Work task
Write out each line of the material again, word for word.
● ● ● ● ●
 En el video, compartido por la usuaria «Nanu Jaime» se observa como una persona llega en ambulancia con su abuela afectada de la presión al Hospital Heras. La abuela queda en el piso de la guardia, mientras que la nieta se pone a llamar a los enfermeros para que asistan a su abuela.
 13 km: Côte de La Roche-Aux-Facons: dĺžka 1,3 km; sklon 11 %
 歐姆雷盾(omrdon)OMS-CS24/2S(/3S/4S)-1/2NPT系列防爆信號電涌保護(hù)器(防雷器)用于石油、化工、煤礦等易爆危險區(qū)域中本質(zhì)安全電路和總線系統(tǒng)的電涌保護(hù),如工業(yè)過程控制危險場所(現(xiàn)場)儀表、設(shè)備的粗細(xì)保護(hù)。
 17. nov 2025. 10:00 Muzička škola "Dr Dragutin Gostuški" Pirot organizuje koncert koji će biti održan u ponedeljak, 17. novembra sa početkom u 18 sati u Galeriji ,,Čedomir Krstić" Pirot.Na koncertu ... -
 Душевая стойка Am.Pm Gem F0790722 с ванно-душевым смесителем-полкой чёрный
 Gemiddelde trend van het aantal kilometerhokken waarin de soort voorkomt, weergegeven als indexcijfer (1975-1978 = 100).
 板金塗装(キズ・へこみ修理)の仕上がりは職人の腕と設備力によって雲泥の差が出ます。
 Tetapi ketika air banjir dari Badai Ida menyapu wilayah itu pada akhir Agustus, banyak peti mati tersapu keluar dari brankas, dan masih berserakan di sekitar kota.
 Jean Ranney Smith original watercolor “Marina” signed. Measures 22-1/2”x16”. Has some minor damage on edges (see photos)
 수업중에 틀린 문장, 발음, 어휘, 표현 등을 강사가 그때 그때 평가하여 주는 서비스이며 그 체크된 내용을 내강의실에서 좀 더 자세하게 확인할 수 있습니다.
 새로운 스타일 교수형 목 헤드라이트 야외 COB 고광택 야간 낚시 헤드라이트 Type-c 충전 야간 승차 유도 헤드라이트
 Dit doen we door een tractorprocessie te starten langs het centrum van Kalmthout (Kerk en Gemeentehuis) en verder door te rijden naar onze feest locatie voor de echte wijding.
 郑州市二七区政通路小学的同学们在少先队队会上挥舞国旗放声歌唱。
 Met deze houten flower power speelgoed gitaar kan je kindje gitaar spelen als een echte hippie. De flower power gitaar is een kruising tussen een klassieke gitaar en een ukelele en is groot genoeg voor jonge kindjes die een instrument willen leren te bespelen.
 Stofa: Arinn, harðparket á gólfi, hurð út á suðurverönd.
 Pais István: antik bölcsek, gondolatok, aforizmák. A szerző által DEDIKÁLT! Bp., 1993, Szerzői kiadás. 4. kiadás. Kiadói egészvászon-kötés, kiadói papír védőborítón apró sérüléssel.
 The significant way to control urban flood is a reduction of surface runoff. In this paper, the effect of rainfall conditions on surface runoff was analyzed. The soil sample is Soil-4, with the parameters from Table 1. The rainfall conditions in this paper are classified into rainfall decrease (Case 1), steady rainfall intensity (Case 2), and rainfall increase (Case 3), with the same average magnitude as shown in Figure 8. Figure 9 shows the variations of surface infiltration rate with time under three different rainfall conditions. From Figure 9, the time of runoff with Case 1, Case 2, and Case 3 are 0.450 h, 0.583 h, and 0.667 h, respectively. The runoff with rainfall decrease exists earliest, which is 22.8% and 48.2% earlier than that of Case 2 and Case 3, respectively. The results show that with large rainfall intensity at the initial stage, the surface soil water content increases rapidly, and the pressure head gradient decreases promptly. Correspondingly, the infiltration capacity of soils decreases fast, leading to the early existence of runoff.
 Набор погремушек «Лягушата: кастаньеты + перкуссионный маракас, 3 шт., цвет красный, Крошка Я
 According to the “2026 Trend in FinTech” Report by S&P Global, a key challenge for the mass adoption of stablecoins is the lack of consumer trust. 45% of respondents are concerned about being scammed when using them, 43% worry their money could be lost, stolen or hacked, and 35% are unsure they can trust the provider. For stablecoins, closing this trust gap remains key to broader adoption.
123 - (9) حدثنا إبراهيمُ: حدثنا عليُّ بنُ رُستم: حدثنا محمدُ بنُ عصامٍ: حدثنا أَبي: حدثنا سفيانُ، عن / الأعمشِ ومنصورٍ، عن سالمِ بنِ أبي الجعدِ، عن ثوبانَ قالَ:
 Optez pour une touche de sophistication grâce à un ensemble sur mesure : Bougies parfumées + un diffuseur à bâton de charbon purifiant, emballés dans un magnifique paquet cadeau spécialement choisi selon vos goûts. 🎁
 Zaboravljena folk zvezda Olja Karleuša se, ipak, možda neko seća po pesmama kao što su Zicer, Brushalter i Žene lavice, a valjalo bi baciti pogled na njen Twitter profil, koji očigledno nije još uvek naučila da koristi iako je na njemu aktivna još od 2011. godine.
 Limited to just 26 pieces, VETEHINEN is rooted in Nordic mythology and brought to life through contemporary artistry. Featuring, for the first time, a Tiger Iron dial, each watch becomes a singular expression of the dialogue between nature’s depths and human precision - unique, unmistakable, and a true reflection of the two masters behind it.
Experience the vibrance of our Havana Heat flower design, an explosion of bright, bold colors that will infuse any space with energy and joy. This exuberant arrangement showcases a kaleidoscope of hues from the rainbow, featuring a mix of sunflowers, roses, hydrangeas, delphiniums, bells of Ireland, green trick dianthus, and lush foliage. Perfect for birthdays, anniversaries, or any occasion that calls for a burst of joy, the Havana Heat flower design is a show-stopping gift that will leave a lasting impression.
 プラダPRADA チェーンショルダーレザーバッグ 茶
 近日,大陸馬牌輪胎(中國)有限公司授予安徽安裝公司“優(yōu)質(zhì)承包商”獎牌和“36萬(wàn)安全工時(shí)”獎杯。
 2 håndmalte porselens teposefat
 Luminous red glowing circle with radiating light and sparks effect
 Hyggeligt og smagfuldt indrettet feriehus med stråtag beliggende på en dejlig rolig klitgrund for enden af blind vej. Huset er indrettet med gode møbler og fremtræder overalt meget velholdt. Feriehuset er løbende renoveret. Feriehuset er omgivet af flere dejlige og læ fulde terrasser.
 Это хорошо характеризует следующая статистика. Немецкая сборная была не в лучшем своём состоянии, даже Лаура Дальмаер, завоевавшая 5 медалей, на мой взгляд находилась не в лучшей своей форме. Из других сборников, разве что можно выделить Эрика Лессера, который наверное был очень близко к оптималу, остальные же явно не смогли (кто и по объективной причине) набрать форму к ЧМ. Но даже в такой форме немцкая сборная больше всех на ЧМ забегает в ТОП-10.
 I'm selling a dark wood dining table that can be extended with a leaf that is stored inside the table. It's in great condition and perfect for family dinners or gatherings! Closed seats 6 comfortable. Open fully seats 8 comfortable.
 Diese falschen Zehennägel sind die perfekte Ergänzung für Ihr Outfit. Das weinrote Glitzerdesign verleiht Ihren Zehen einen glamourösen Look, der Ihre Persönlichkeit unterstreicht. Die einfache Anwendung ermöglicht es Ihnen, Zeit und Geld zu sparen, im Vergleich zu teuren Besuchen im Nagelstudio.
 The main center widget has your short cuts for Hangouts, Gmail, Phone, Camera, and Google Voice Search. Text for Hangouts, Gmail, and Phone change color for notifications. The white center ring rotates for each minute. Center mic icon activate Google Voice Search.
● ● ● ● ●
Completed task
 En el video, compartido por la usuaria «Nanu Jaime» se observa como una persona llega en ambulancia con su abuela afectada de la presión al Hospital Heras. La abuela queda en el piso de la guardia, mientras que la nieta se pone a llamar a los enfermeros para que asistan a su abuela.
 13 km: Côte de La Roche-Aux-Facons: dĺžka 1,3 km; sklon 11 %
 歐姆雷盾(omrdon)OMS-CS24/2S(/3S/4S)-1/2NPT系列防爆信號電涌保護(hù)器(防雷器)用于石油、化工、煤礦等易爆危險區(qū)域中本質(zhì)安全電路和總線系統(tǒng)的電涌保護(hù),如工業(yè)過程控制危險場所(現(xiàn)場)儀表、設(shè)備的粗細(xì)保護(hù)。
 17. nov 2025. 10:00 Muzička škola "Dr Dragutin Gostuški" Pirot organizuje koncert koji će biti održan u ponedeljak, 17. novembra sa početkom u 18 sati u Galeriji ,,Čedomir Krstić" Pirot.Na koncertu ... -
 Душевая стойка Am.Pm Gem F0790722 с ванно-душевым смесителем-полкой чёрный
 Gemiddelde trend van het aantal kilometerhokken waarin de soort voorkomt, weergegeven als indexcijfer (1975-1978 = 100).
 板金塗装(キズ・へこみ修理)の仕上がりは職人の腕と設備力によって雲泥の差が出ます。
 Tetapi ketika air banjir dari Badai Ida menyapu wilayah itu pada akhir Agustus, banyak peti mati tersapu keluar dari brankas, dan masih berserakan di sekitar kota.
 Jean Ranney Smith original watercolor “Marina” signed. Measures 22-1/2”x16”. Has some minor damage on edges (see photos)
 수업중에 틀린 문장, 발음, 어휘, 표현 등을 강사가 그때 그때 평가하여 주는 서비스이며 그 체크된 내용을 내강의실에서 좀 더 자세하게 확인할 수 있습니다.
 새로운 스타일 교수형 목 헤드라이트 야외 COB 고광택 야간 낚시 헤드라이트 Type-c 충전 야간 승차 유도 헤드라이트
 Dit doen we door een tractorprocessie te starten langs het centrum van Kalmthout (Kerk en Gemeentehuis) en verder door te rijden naar onze feest locatie voor de echte wijding.
 郑州市二七区政通路小学的同学们在少先队队会上挥舞国旗放声歌唱。
 Met deze houten flower power speelgoed gitaar kan je kindje gitaar spelen als een echte hippie. De flower power gitaar is een kruising tussen een klassieke gitaar en een ukelele en is groot genoeg voor jonge kindjes die een instrument willen leren te bespelen.
 Stofa: Arinn, harðparket á gólfi, hurð út á suðurverönd.
 Pais István: antik bölcsek, gondolatok, aforizmák. A szerző által DEDIKÁLT! Bp., 1993, Szerzői kiadás. 4. kiadás. Kiadói egészvászon-kötés, kiadói papír védőborítón apró sérüléssel.
 The significant way to control urban flood is a reduction of surface runoff. In this paper, the effect of rainfall conditions on surface runoff was analyzed. The soil sample is Soil-4, with the parameters from Table 1. The rainfall conditions in this paper are classified into rainfall decrease (Case 1), steady rainfall intensity (Case 2), and rainfall increase (Case 3), with the same average magnitude as shown in Figure 8. Figure 9 shows the variations of surface infiltration rate with time under three different rainfall conditions. From Figure 9, the time of runoff with Case 1, Case 2, and Case 3 are 0.450 h, 0.583 h, and 0.667 h, respectively. The runoff with rainfall decrease exists earliest, which is 22.8% and 48.2% earlier than that of Case 2 and Case 3, respectively. The results show that with large rainfall intensity at the initial stage, the surface soil water content increases rapidly, and the pressure head gradient decreases promptly. Correspondingly, the infiltration capacity of soils decreases fast, leading to the early existence of runoff.
 Набор погремушек «Лягушата: кастаньеты + перкуссионный маракас, 3 шт., цвет красный, Крошка Я
 According to the “2026 Trend in FinTech” Report by S&P Global, a key challenge for the mass adoption of stablecoins is the lack of consumer trust. 45% of respondents are concerned about being scammed when using them, 43% worry their money could be lost, stolen or hacked, and 35% are unsure they can trust the provider. For stablecoins, closing this trust gap remains key to broader adoption.
123 - (9) حدثنا إبراهيمُ: حدثنا عليُّ بنُ رُستم: حدثنا محمدُ بنُ عصامٍ: حدثنا أَبي: حدثنا سفيانُ، عن / الأعمشِ ومنصورٍ، عن سالمِ بنِ أبي الجعدِ، عن ثوبانَ قالَ:
 Optez pour une touche de sophistication grâce à un ensemble sur mesure : Bougies parfumées + un diffuseur à bâton de charbon purifiant, emballés dans un magnifique paquet cadeau spécialement choisi selon vos goûts. 🎁
 Zaboravljena folk zvezda Olja Karleuša se, ipak, možda neko seća po pesmama kao što su Zicer, Brushalter i Žene lavice, a valjalo bi baciti pogled na njen Twitter profil, koji očigledno nije još uvek naučila da koristi iako je na njemu aktivna još od 2011. godine.
 Limited to just 26 pieces, VETEHINEN is rooted in Nordic mythology and brought to life through contemporary artistry. Featuring, for the first time, a Tiger Iron dial, each watch becomes a singular expression of the dialogue between nature’s depths and human precision - unique, unmistakable, and a true reflection of the two masters behind it.
Experience the vibrance of our Havana Heat flower design, an explosion of bright, bold colors that will infuse any space with energy and joy. This exuberant arrangement showcases a kaleidoscope of hues from the rainbow, featuring a mix of sunflowers, roses, hydrangeas, delphiniums, bells of Ireland, green trick dianthus, and lush foliage. Perfect for birthdays, anniversaries, or any occasion that calls for a burst of joy, the Havana Heat flower design is a show-stopping gift that will leave a lasting impression.
 プラダPRADA チェーンショルダーレザーバッグ 茶
 近日,大陸馬牌輪胎(中國)有限公司授予安徽安裝公司“優(yōu)質(zhì)承包商”獎牌和“36萬(wàn)安全工時(shí)”獎杯。
 2 håndmalte porselens teposefat
 Luminous red glowing circle with radiating light and sparks effect
 Hyggeligt og smagfuldt indrettet feriehus med stråtag beliggende på en dejlig rolig klitgrund for enden af blind vej. Huset er indrettet med gode møbler og fremtræder overalt meget velholdt. Feriehuset er løbende renoveret. Feriehuset er omgivet af flere dejlige og læ fulde terrasser.
 Это хорошо характеризует следующая статистика. Немецкая сборная была не в лучшем своём состоянии, даже Лаура Дальмаер, завоевавшая 5 медалей, на мой взгляд находилась не в лучшей своей форме. Из других сборников, разве что можно выделить Эрика Лессера, который наверное был очень близко к оптималу, остальные же явно не смогли (кто и по объективной причине) набрать форму к ЧМ. Но даже в такой форме немцкая сборная больше всех на ЧМ забегает в ТОП-10.
 I'm selling a dark wood dining table that can be extended with a leaf that is stored inside the table. It's in great condition and perfect for family dinners or gatherings! Closed seats 6 comfortable. Open fully seats 8 comfortable.
 Diese falschen Zehennägel sind die perfekte Ergänzung für Ihr Outfit. Das weinrote Glitzerdesign verleiht Ihren Zehen einen glamourösen Look, der Ihre Persönlichkeit unterstreicht. Die einfache Anwendung ermöglicht es Ihnen, Zeit und Geld zu sparen, im Vergleich zu teuren Besuchen im Nagelstudio.
 The main center widget has your short cuts for Hangouts, Gmail, Phone, Camera, and Google Voice Search. Text for Hangouts, Gmail, and Phone change color for notifications. The white center ring rotates for each minute. Center mic icon activate Google Voice Search.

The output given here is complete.